Look at the last blog of 2017 to remind you about how I started off this Iris. https://gaynorsflora.com/2017/12/30/last-gaynors-flora-blog-of-2017/.

Although botanical art is fairly strict in what is ideally included in a picture, it is quite wide ranging and much wider than for pure botanical illustration. But it is important to remember that what I show you in my blog is my style of working. There are many different styles and none are wrong; It is the result that counts!

 

Last but not least the link to the Association of British Botanical Art website: www.britishbotanicalartists.com/2018exhibition

The Benton Farewell Iris progression

I am fighting to get time to paint! Last week I was unable to anything for about 10 days because of the dreaded flu. After that it was trying to catch up with assignment marking and the Iris picture.

The only thing that you the reader will be interested in, is the Iris and how that is progressing. My last blog showed you some of my preparation sketches and my planned drawing. After that it was a question of tracing all the sketches that I decided to actually use in the picture. I traced them onto my final art paper using the the technique you will find on this page:gaynorsflora.com/my-tutorials/ The video is called ‘How to trace an image to art paper’. The reason I do it this way is to remove any risk of creating any indentation in the art paper. An indentation tends to collect pigment when using watercolour, or leave a white line if using coloured pencil We don’t want either of these results.

I used the old Fabriano extra white HP, 640 gsm. I am in the lucky in that I have enough old stock to last me!

The main colours that I am using in my greens are Maimeri Cyan, which is a Phthalocyanin PB15 pigment. This is one of my favourite colours as a base for greens, although if needing to go very dark I might use Idanthrene Blue. The yellow is Quin Gold with a touch of Transparent Yellow. For warming the colour, greying it down or even creating a grey I use Perylene Violet. Therefore I use mostly these colours to create my greens and browns.

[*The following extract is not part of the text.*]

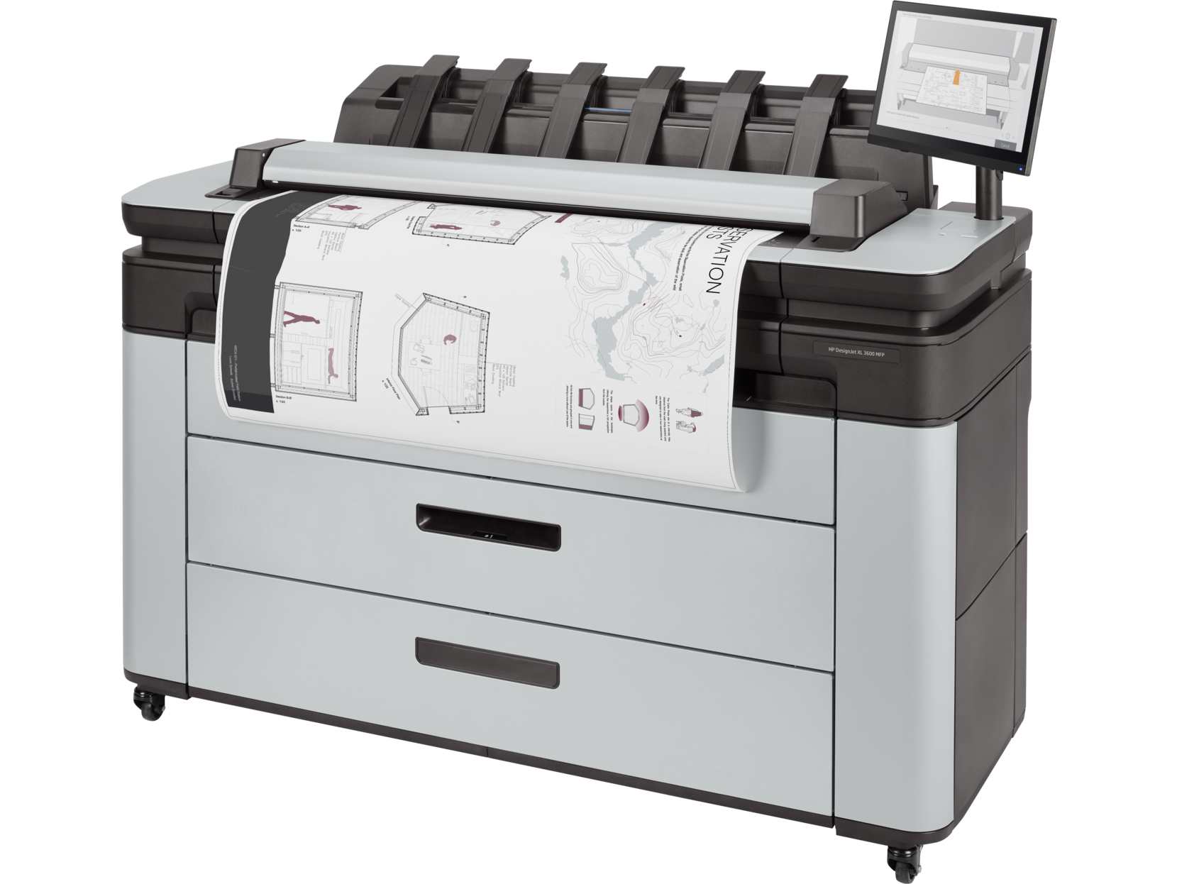 The HP Designjet 3600 wide format printer delivers superior performance at a modest price. At Eastern Engineering we stock this device as a two roll printer and it also comes with a the scanner and touchscreen. The touchscreen interface is simple to use. The main difference in this unit as compared to other designjets are: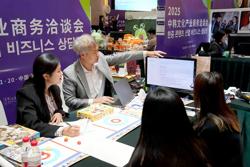 대한무역투자진흥공사(KOTRA) 베이징(北京) 대표처와 한국콘텐츠진흥원 베이징 대표처가 공동 주최한 2025 중한 콘텐츠 산업 비즈니스 상담회가 지난 11월 20일 베이징(北京)에서 개최됐다. 행사에서 중한 양측 업체가 상담을 진행하고 있다. 사진/KOTRA 베이징 대표처 제공

Although I have loads of sketches and colour swatches, I have also taken a plant into the house and luckily the leaves have started growing. This confirms the colours that I have chosen to use.

First big mistake!

You will notice that I have the whole length of the stem cut in two on the right side of the picture. In botanical art, when the height of the plant is rather tall as in this instance, one needs to actually show its whole length. This is done by cutting it and showing the two matching end pieces in the design. Here I have cut the upper portion away, leaving the bottom of the stem attached and growing from the leaves. The upper section will include the open flowers and developing buds.

So what was my big mistake? I decided to mask out the stem and do the leaves behind it. But I needed to cut the edge of the tape. I tried to mark the tape with a pencil, but it didn’t work, so used a pen! I know stupid, stupid! As you might expect, when I applied water the ink ran onto the paper, even though I thought I had cut it away.

Also, the cut edge was not close enough, so I ended up with either a gap or an extra wide stem. Artistic license is all very well, but not in botanical art when you need to show the plant as it is.

 

I won’t go into so much of the detail in the stages I will show you today. But notice that the leaf going off to the left is grey. This is graphite. I don’t want to do heavy painted leaves for the whole design or I am afraid the delicacy of the flower will be lost. I could be wrong, but we will see how it goes.

 

 

 

 

 

 

 

 

 

 

 

 

 

I hope it won’t be too long before I can do some more work on this. However, the Worldwide Botanical Art Exhibition is now at a crucial point. Just before Christmas we in The Association of British Botanical Artists (ABBA) had the first stage of jury selection which was done digitally. Those successful artists have been getting their work framed over Christmas and are now delivering it, mostly to me, for the final stage in the juried selection due to take place up at Kew next week. We will then start the process of uploading the final forty successful paintings into a slideshow which will be included in the Worldwide slideshow with Forty native plants illustrated from each of 23 countries.

It will be a magnificent exhibition in each of the countries participating.